▸ Required work
Give back every record exactly, with its pictures left out.

*** Opening of Records shown ***

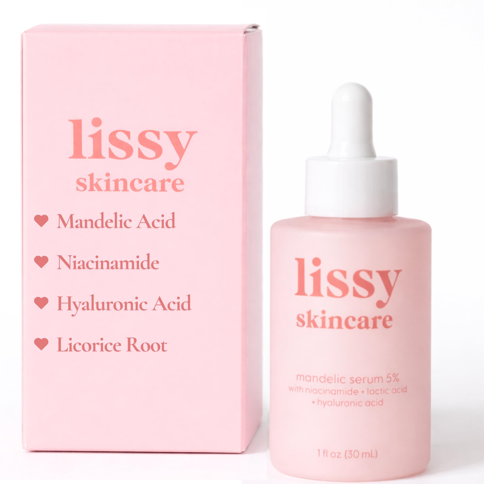Lissy Skincare- Mandelic Acid Niacinamide Serum For Reducing Redness, Blemish Exfoliate, Balancing Treatment Licorice Root Hyaluronic Acid for Hydration Improved Complexion
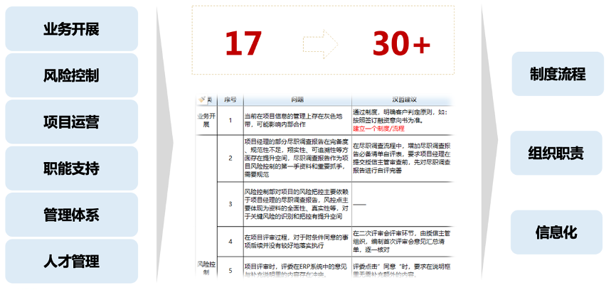 项目组从业务开展、风险控制、项目运营、职能支持、管理体系、人才管理等维度开展评估,提出问题优化建议。
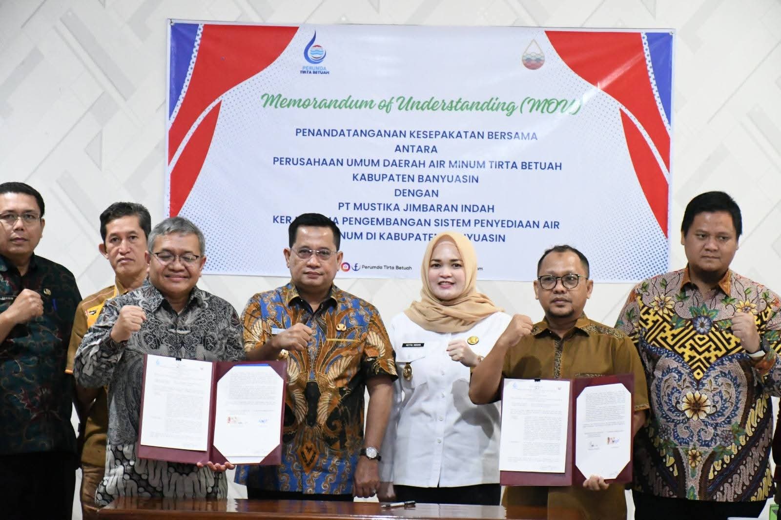 Pangkalan Balai, si.com//Dalam upaya memenuhi kebutuhan air minum masyarakat, Pemerintah Kabupaten Banyuasin melakukan penandatanganan Memorandum of Understanding (MoU) atau kesepakatan bersama antara PDAM Tirta Betuah Kabupaten Banyuasin dengan PT Mustika Jimbaran Indah (MJI).
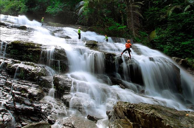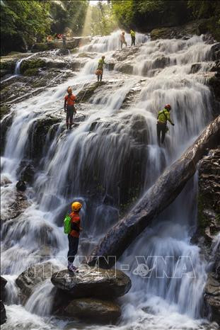Chinh phục những điểm đến hấp dẫn ở Thác Cổng Trời – Bãi Đạn và Khe Nước Trong – Suối Tiên. Ảnh: TTXVN phát
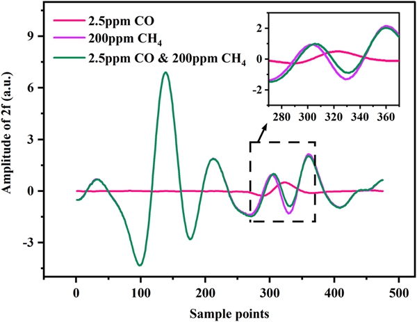 CO和CH4分别测量和混合气测量的二次谐波信号情况
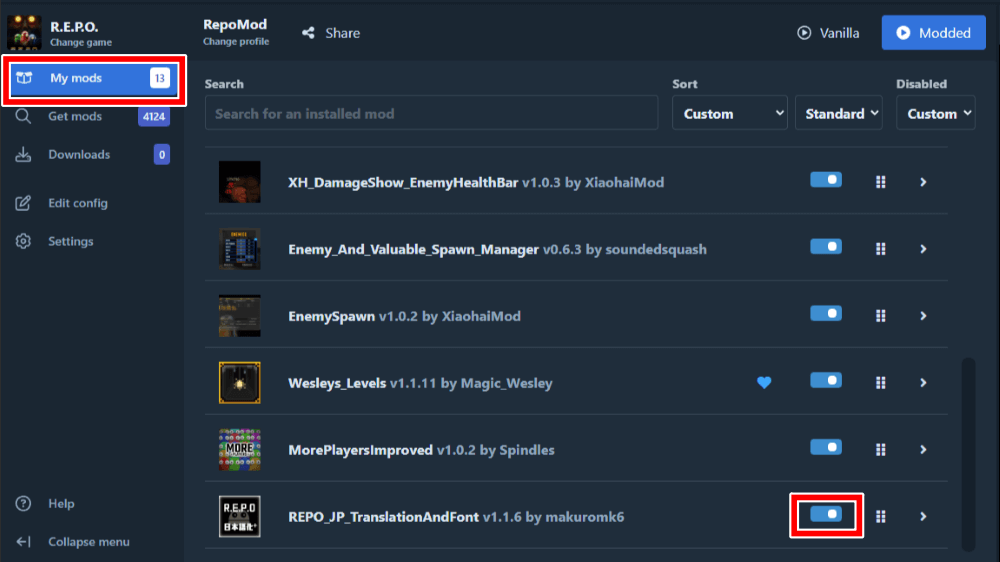 3「My mods」に移動してMODを有効化

*** Close of Records shown ***

▸ Task result
Lissy Skincare- Mandelic Acid Niacinamide Serum For Reducing Redness, Blemish Exfoliate, Balancing Treatment Licorice Root Hyaluronic Acid for Hydration Improved Complexion
 项目组从业务开展、风险控制、项目运营、职能支持、管理体系、人才管理等维度开展评估,提出问题优化建议。
 Pangkalan Balai, si.com//Dalam upaya memenuhi kebutuhan air minum masyarakat, Pemerintah Kabupaten Banyuasin melakukan penandatanganan Memorandum of Understanding (MoU) atau kesepakatan bersama antara PDAM Tirta Betuah Kabupaten Banyuasin dengan PT Mustika Jimbaran Indah (MJI).
Chinh phục những điểm đến hấp dẫn ở Thác Cổng Trời – Bãi Đạn và Khe Nước Trong – Suối Tiên. Ảnh: TTXVN phát
 CO和CH4分别测量和混合气测量的二次谐波信号情况
 3「My mods」に移動してMODを有効化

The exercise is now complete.